Your output should be everything below from the line containing "吃炸吃肉吃蛋也要青菜來相配,那半熟蛋宣洩" down to the line containing "-34. 학생들의 학번, 이름, 소속학과 이름을 검색하라", both ends included, copied exactly, with pictures left out.

[Supplied data]
● ● ●

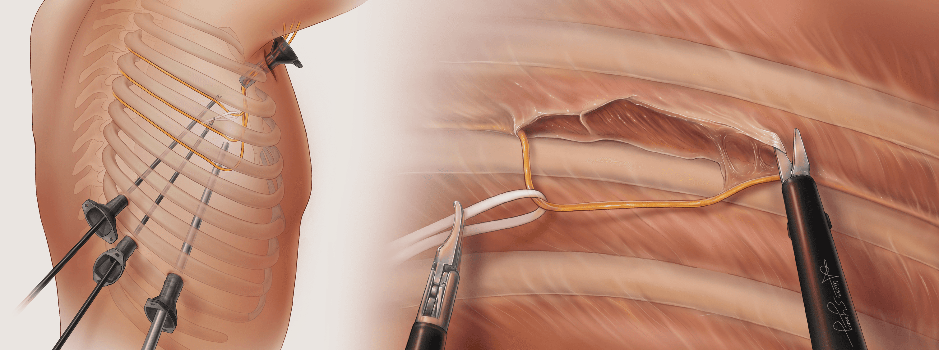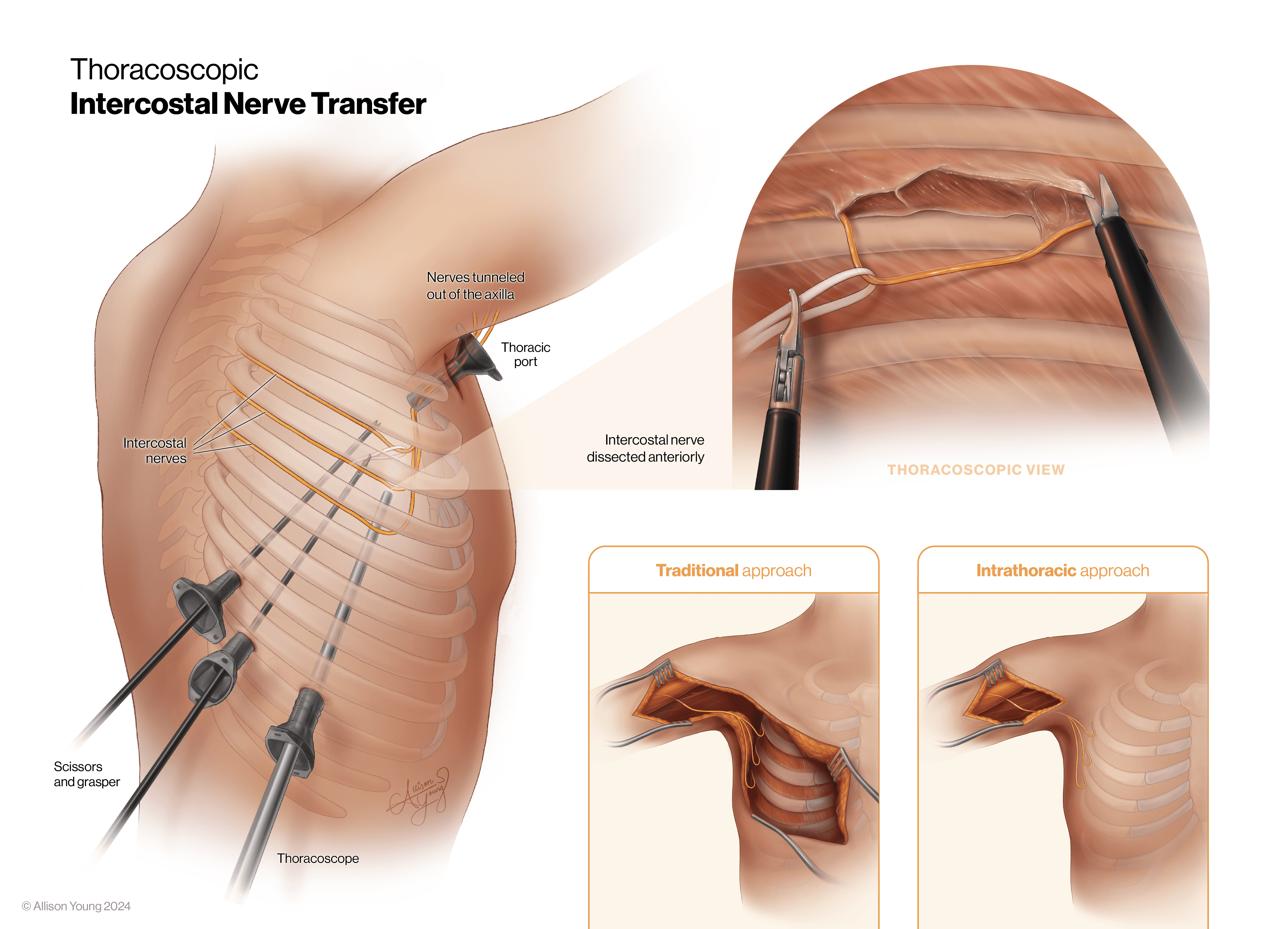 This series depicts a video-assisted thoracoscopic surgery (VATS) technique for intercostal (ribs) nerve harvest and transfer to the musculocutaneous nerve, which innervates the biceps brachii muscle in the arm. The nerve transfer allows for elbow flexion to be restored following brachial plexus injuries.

● ● ●

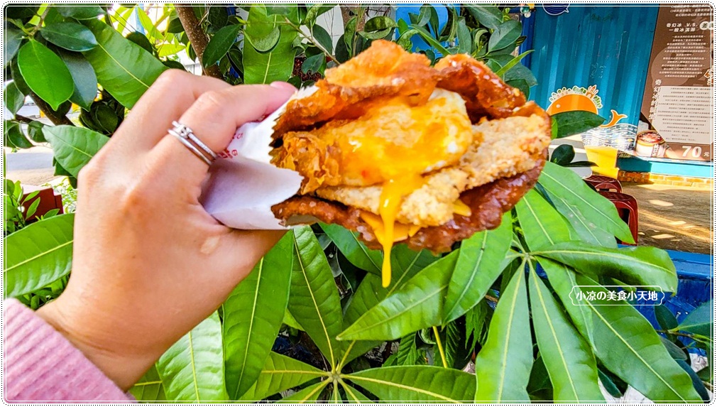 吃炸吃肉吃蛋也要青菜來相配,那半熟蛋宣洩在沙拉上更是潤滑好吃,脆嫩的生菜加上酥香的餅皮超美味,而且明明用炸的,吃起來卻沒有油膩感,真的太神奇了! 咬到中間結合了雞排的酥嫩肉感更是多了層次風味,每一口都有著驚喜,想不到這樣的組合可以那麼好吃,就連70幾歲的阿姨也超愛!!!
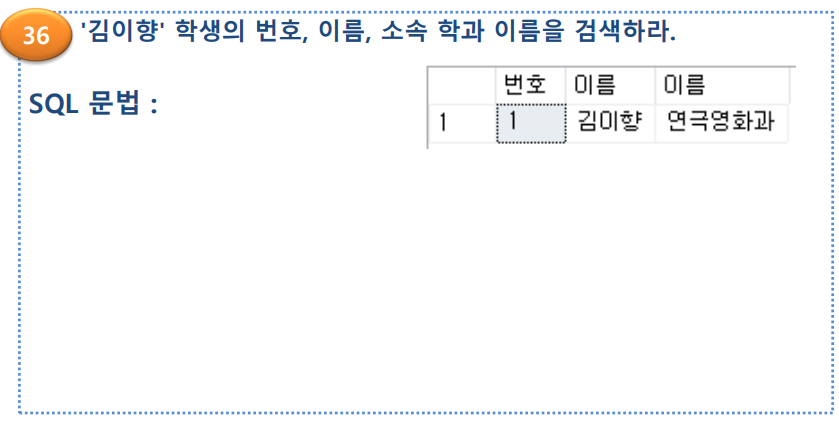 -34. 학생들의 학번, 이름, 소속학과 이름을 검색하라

● ● ●

[Exercise solution]
 吃炸吃肉吃蛋也要青菜來相配,那半熟蛋宣洩在沙拉上更是潤滑好吃,脆嫩的生菜加上酥香的餅皮超美味,而且明明用炸的,吃起來卻沒有油膩感,真的太神奇了! 咬到中間結合了雞排的酥嫩肉感更是多了層次風味,每一口都有著驚喜,想不到這樣的組合可以那麼好吃,就連70幾歲的阿姨也超愛!!!
 -34. 학생들의 학번, 이름, 소속학과 이름을 검색하라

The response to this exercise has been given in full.